**** SUPPLIED DATA

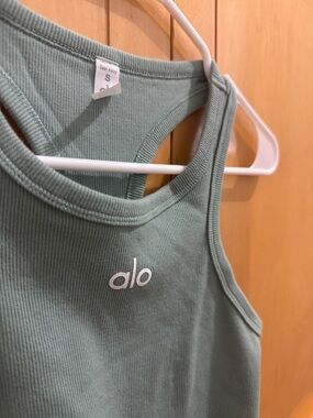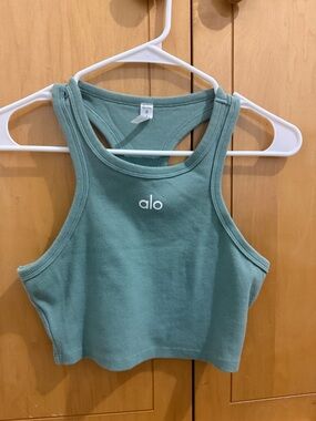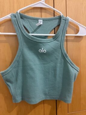 Ribbed cropped tank with racerback. Soft stretchy knit. White Alo logo at center front. Versatile casual athleisure piece. Size small
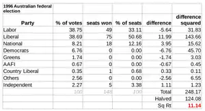 - ↑ Ros Kelly (Labor) had won Canberra at the 1993 election, however she resigned in 1995 and Brendan Smyth (Liberal) won the seat at the resulting by-election.
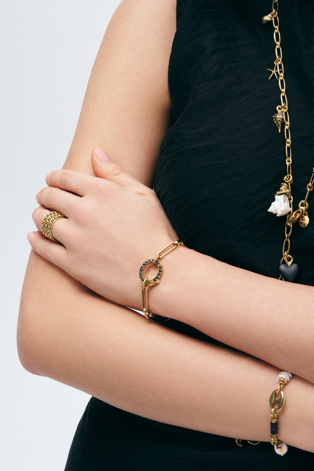 Altın Kaplama Pirinç, Deniz Kabuğu, Cam Boncuk
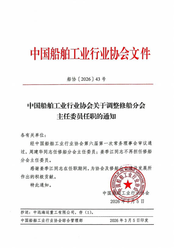 中国船舶工业行业协会关于调整修船分会主任委员任职的通知
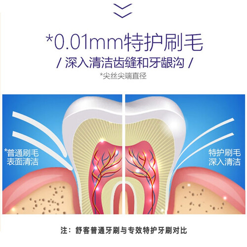 选取进口BBC进口软刷毛,能深入清洁牙龈深处和牙缝间隙,有效防止牙结石。还有TPE柔软橡胶握柄设计,手感舒适。
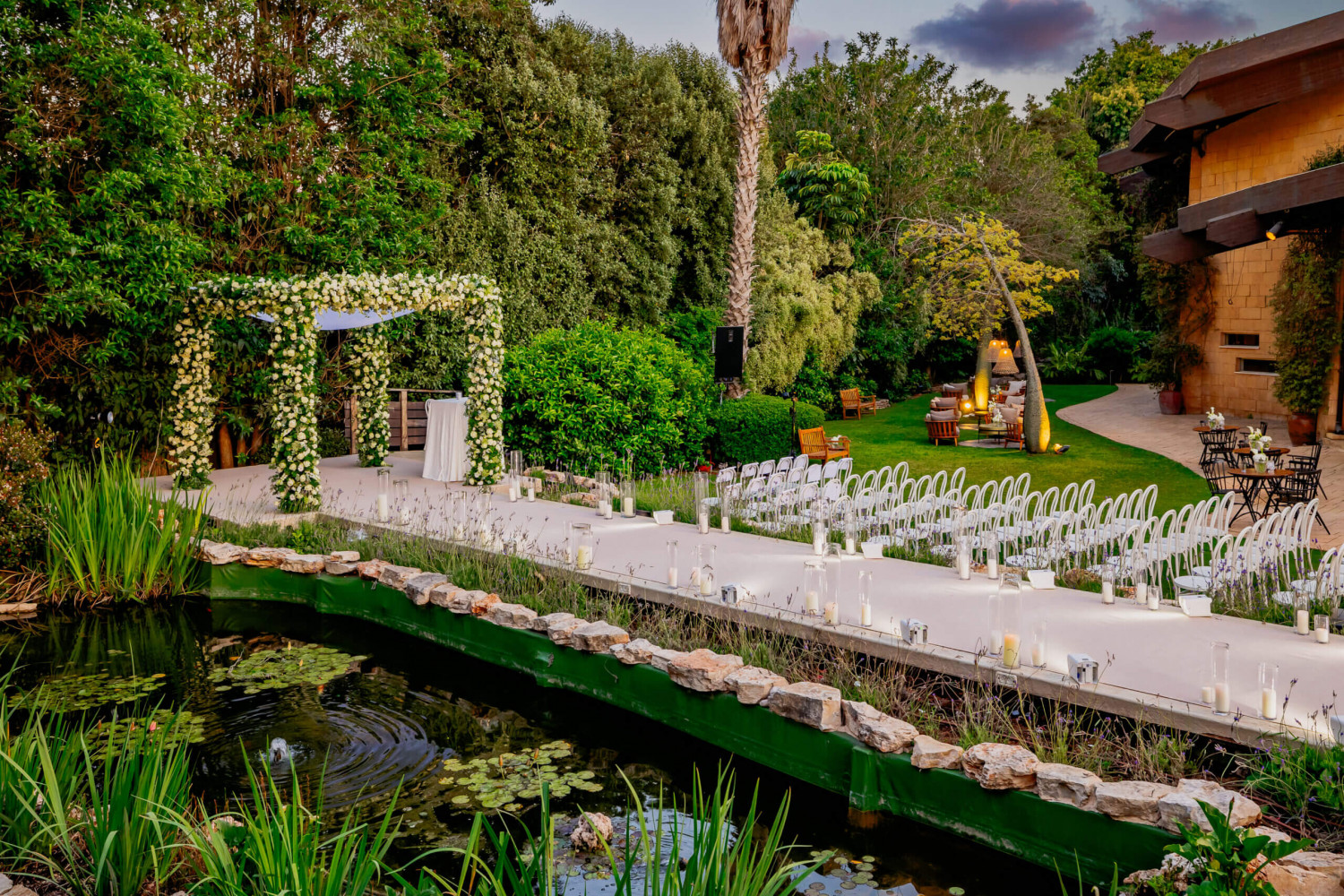 אחד מסמלי לוקא הוא הגן הפורח העוטף את המתחם. מדשאות ירוקות, עצים גבוהים, מים זורמים וריהוט עכשווי יוצרים חלל פתוח ונושם המושלם לקבלות פנים, צילומים וחופות.
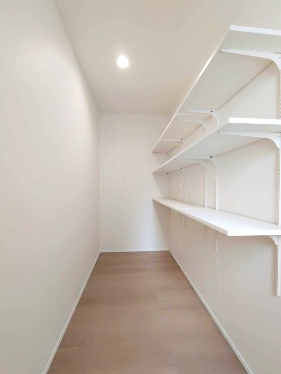 キッチンの奥にはパントリー収納。食品の蓄えは防災用としても。
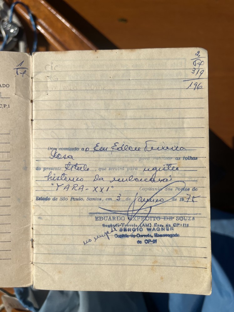 - Número de inscrição na marinha: 20.515 de 03 de janeiro de 1975
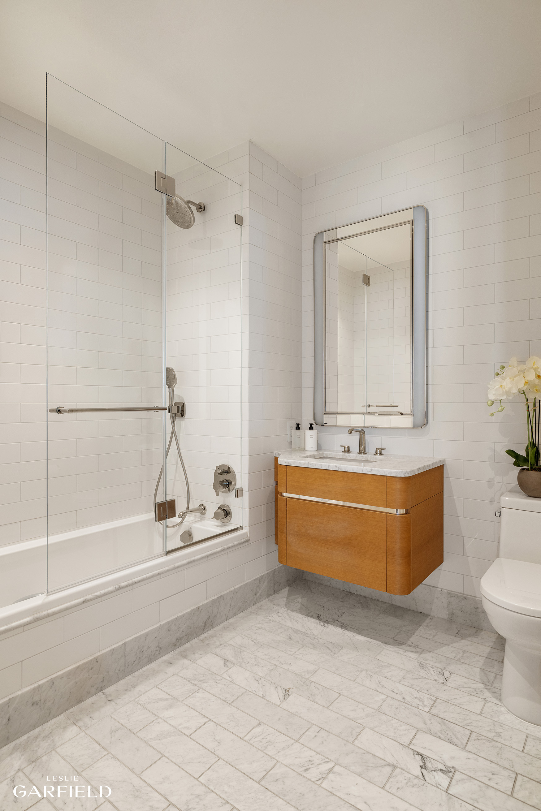 Residents enjoy 24-hour white-glove service, a live-in superintendent, fitness and yoga studios, a children’s playroom, bike storage, a sky lounge, and an expansive rooftop terrace with sweeping views of the Hudson River and Manhattan skyline.
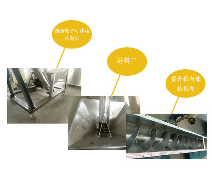 螺旋提升機(jī)產(chǎn)品概述該機(jī)適用于食品、醫(yī)藥、化工、塑料等行業(yè)的粉粒狀物料的輸送。可以與我司包裝機(jī)配套實(shí)現(xiàn)料位跟蹤自動(dòng)供料,也可單獨(dú)在其它場(chǎng)合使用。除電機(jī)、軸承、機(jī)架外其余為不銹鋼制成。可隨意移動(dòng),在水平、傾斜、垂直等位置均能連續(xù)輸送,它具有良好的密封性,無粉塵泄漏。可直接與其配套的設(shè)備連接固定,不需要地基基礎(chǔ),充分利用廠房空間。

********

* **TO DO**
Your answer should be an exact copy of the records above, with no pictures in it.

* **YOUR RESPONSE**
 Ribbed cropped tank with racerback. Soft stretchy knit. White Alo logo at center front. Versatile casual athleisure piece. Size small
 - ↑ Ros Kelly (Labor) had won Canberra at the 1993 election, however she resigned in 1995 and Brendan Smyth (Liberal) won the seat at the resulting by-election.
 Altın Kaplama Pirinç, Deniz Kabuğu, Cam Boncuk
 中国船舶工业行业协会关于调整修船分会主任委员任职的通知
 选取进口BBC进口软刷毛,能深入清洁牙龈深处和牙缝间隙,有效防止牙结石。还有TPE柔软橡胶握柄设计,手感舒适。
 אחד מסמלי לוקא הוא הגן הפורח העוטף את המתחם. מדשאות ירוקות, עצים גבוהים, מים זורמים וריהוט עכשווי יוצרים חלל פתוח ונושם המושלם לקבלות פנים, צילומים וחופות.
 キッチンの奥にはパントリー収納。食品の蓄えは防災用としても。
 - Número de inscrição na marinha: 20.515 de 03 de janeiro de 1975
 Residents enjoy 24-hour white-glove service, a live-in superintendent, fitness and yoga studios, a children’s playroom, bike storage, a sky lounge, and an expansive rooftop terrace with sweeping views of the Hudson River and Manhattan skyline.
 螺旋提升機(jī)產(chǎn)品概述該機(jī)適用于食品、醫(yī)藥、化工、塑料等行業(yè)的粉粒狀物料的輸送。可以與我司包裝機(jī)配套實(shí)現(xiàn)料位跟蹤自動(dòng)供料,也可單獨(dú)在其它場(chǎng)合使用。除電機(jī)、軸承、機(jī)架外其余為不銹鋼制成。可隨意移動(dòng),在水平、傾斜、垂直等位置均能連續(xù)輸送,它具有良好的密封性,無粉塵泄漏。可直接與其配套的設(shè)備連接固定,不需要地基基礎(chǔ),充分利用廠房空間。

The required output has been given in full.